### Supplied data
--*--

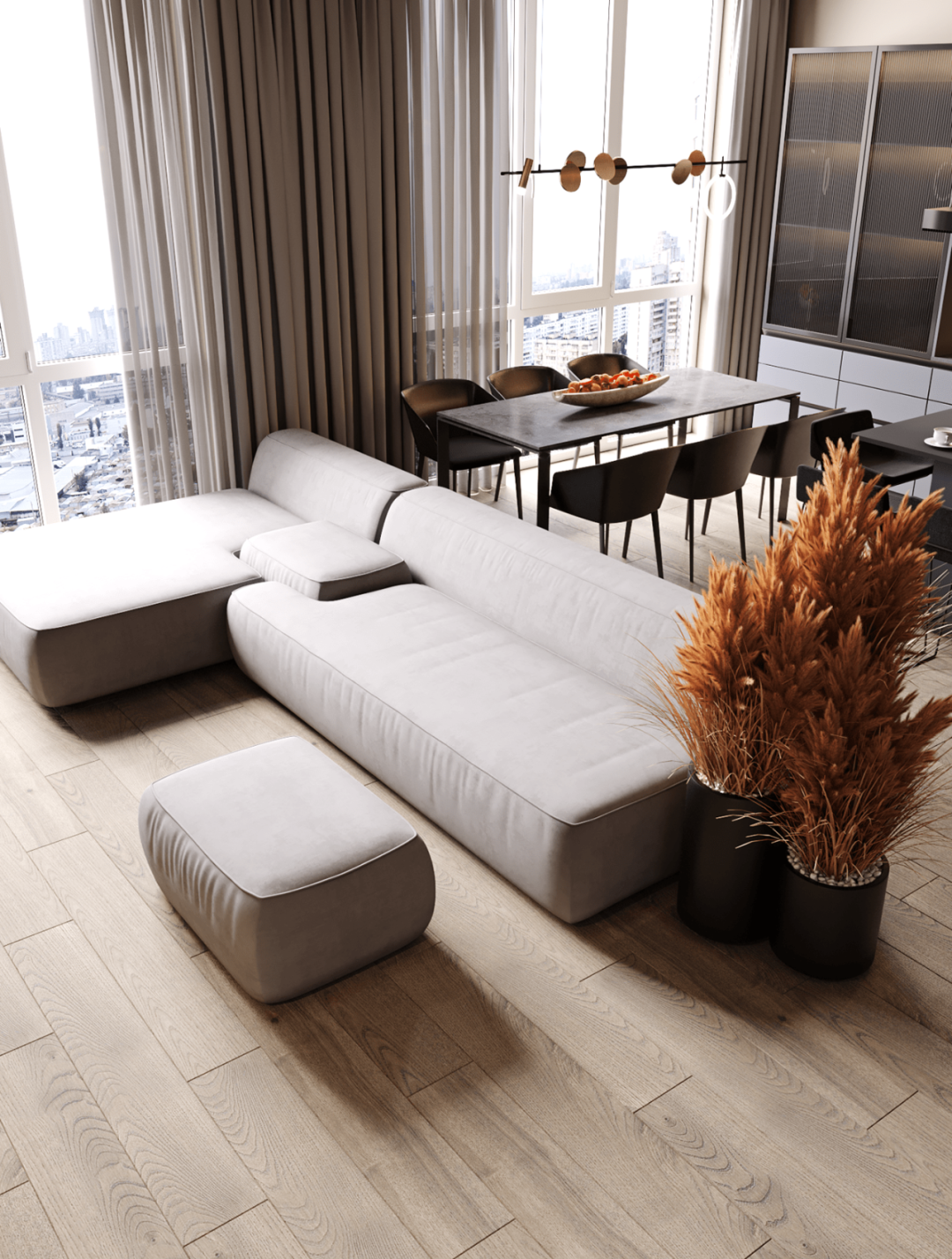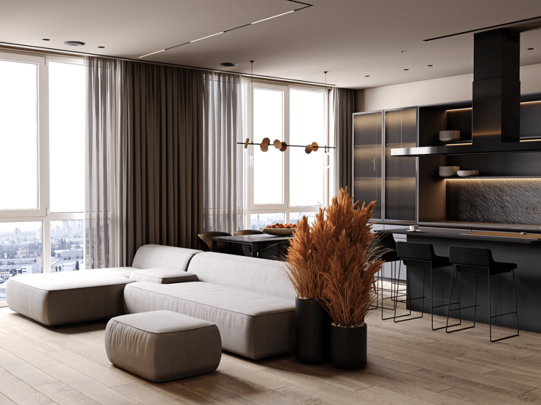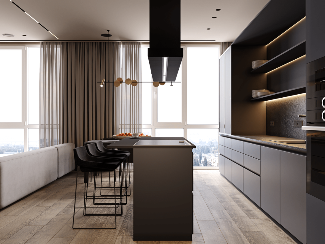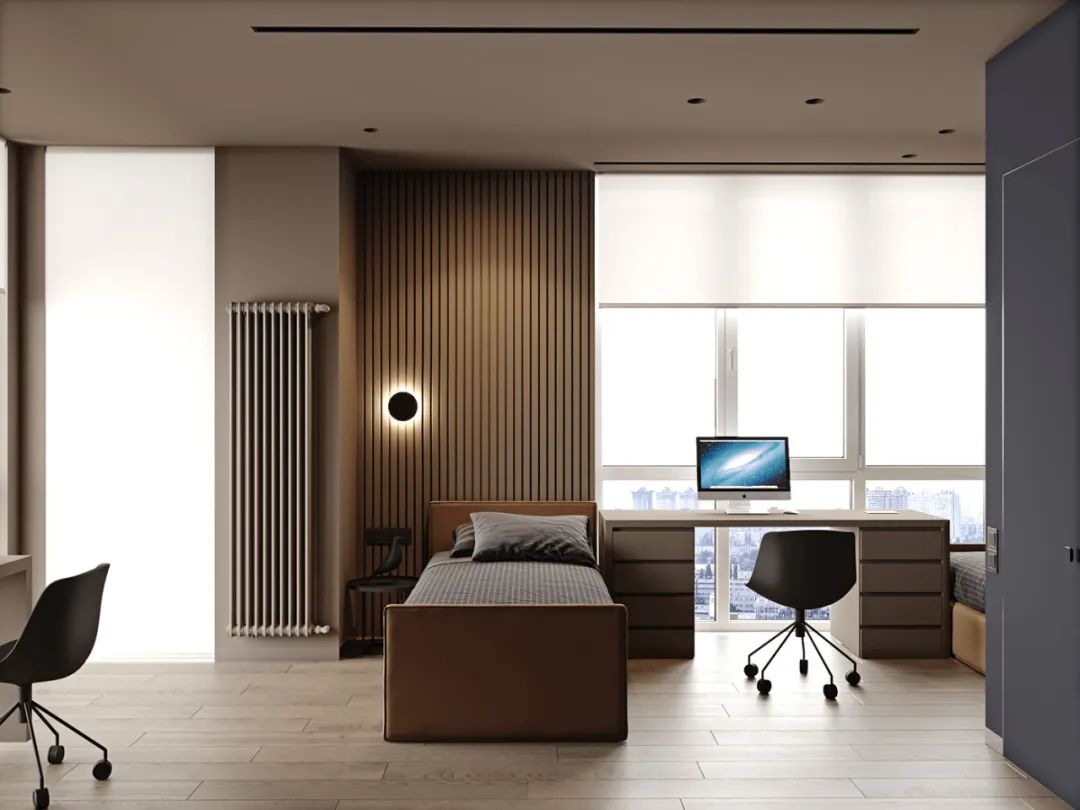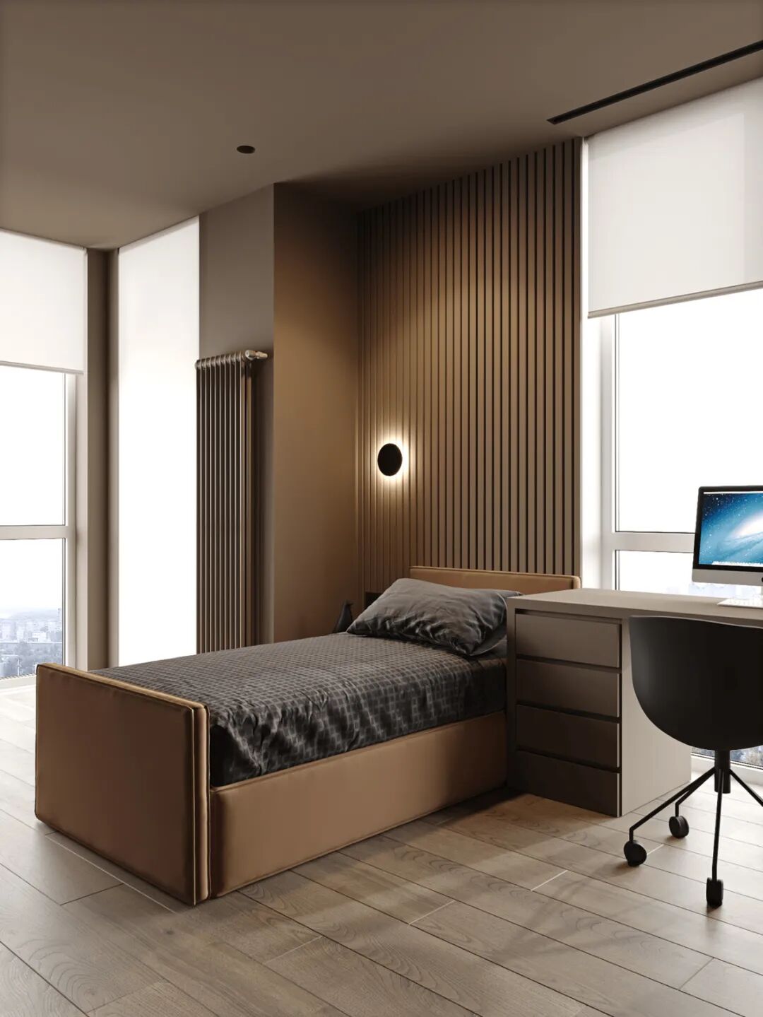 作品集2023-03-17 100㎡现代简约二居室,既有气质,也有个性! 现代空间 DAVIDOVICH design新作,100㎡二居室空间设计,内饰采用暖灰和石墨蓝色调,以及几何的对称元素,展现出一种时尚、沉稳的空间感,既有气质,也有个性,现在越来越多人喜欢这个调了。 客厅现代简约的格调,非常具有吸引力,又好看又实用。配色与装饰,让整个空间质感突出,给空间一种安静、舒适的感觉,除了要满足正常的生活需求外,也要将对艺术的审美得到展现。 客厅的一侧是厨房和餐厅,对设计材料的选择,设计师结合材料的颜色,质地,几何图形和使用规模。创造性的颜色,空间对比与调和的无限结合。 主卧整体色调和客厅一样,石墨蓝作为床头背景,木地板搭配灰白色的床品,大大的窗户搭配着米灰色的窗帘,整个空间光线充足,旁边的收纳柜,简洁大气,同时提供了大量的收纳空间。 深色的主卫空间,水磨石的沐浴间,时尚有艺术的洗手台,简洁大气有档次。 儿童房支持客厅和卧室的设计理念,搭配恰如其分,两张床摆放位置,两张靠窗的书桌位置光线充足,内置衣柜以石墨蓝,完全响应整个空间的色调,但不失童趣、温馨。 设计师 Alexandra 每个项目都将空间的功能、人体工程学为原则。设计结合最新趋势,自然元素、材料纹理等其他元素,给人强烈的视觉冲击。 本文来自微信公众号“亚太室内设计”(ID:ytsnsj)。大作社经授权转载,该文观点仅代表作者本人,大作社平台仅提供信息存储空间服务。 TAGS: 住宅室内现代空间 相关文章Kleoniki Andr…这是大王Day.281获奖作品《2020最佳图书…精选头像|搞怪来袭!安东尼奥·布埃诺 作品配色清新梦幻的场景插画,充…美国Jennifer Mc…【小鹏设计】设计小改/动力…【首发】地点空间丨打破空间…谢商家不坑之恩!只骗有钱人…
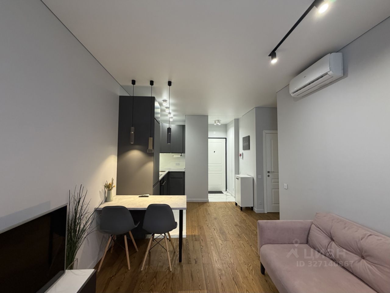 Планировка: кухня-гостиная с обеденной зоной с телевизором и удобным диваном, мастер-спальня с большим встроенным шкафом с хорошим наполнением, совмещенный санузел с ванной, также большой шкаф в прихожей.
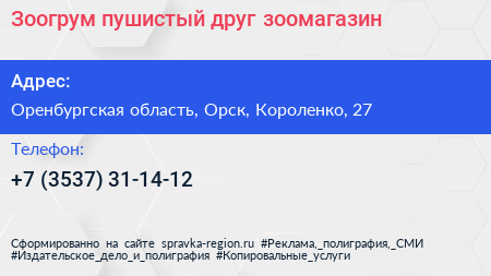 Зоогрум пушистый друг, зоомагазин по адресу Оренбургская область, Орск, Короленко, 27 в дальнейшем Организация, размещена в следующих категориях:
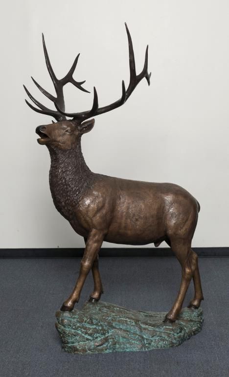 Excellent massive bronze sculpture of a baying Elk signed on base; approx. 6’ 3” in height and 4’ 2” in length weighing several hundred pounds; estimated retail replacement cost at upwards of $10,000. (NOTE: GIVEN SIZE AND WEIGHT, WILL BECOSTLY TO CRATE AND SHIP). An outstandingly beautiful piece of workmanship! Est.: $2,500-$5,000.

--*--

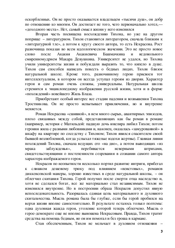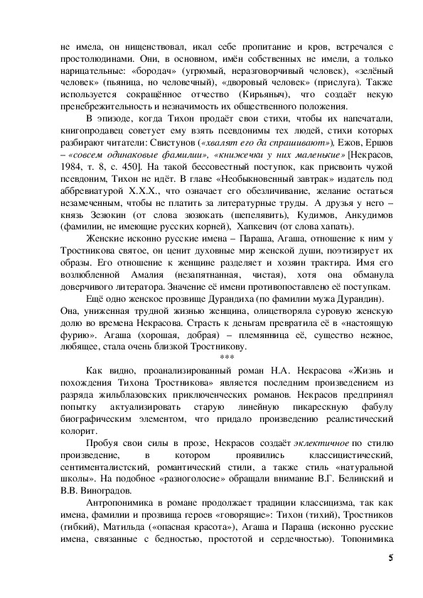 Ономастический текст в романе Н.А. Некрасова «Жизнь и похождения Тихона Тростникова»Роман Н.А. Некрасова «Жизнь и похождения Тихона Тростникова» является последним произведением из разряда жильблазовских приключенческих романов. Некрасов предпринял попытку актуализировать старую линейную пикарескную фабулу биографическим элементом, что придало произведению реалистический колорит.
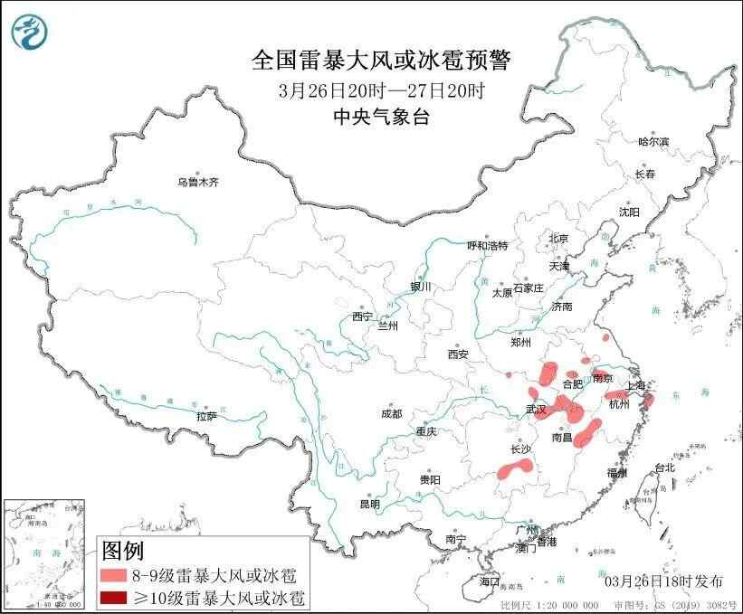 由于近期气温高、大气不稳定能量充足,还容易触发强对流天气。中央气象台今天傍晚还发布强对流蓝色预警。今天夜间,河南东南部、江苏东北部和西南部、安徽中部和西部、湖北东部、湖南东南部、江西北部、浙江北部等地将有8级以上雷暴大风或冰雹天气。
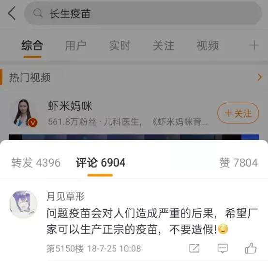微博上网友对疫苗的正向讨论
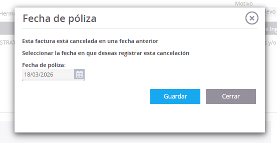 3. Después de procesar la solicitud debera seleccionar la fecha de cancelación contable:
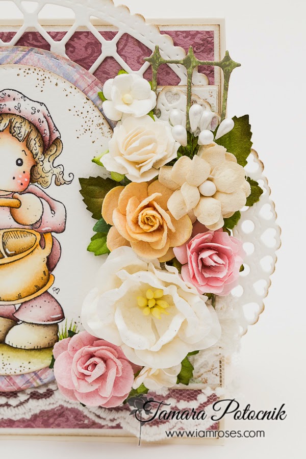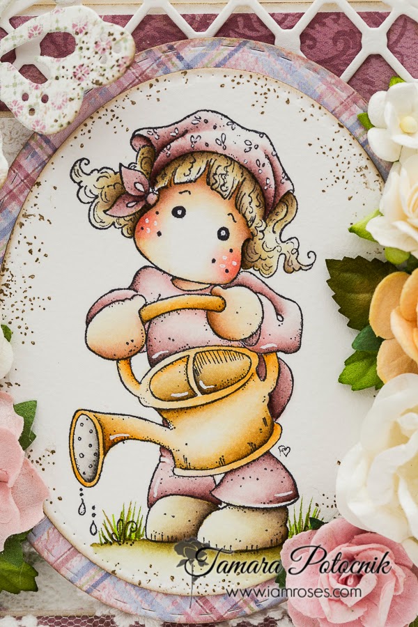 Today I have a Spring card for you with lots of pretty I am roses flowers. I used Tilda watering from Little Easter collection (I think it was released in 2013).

--*--

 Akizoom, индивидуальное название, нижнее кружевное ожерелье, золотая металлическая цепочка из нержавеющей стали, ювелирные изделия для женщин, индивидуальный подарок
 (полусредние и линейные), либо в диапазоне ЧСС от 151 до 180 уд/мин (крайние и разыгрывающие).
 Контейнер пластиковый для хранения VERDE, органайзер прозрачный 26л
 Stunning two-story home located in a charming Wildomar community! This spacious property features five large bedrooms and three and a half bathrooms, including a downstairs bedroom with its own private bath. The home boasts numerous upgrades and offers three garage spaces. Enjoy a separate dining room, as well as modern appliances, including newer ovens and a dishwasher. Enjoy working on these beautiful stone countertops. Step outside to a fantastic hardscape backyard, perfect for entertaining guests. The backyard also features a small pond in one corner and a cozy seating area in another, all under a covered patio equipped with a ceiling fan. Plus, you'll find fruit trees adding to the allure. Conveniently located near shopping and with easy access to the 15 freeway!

--*--

### Requirement
Although the records above contain pictures, the copy should not; retype exactly the lines from the one containing "3. Después de" through the one containing "Today I have".

### Response to the task
 3. Después de procesar la solicitud debera seleccionar la fecha de cancelación contable:
 Today I have a Spring card for you with lots of pretty I am roses flowers. I used Tilda watering from Little Easter collection (I think it was released in 2013).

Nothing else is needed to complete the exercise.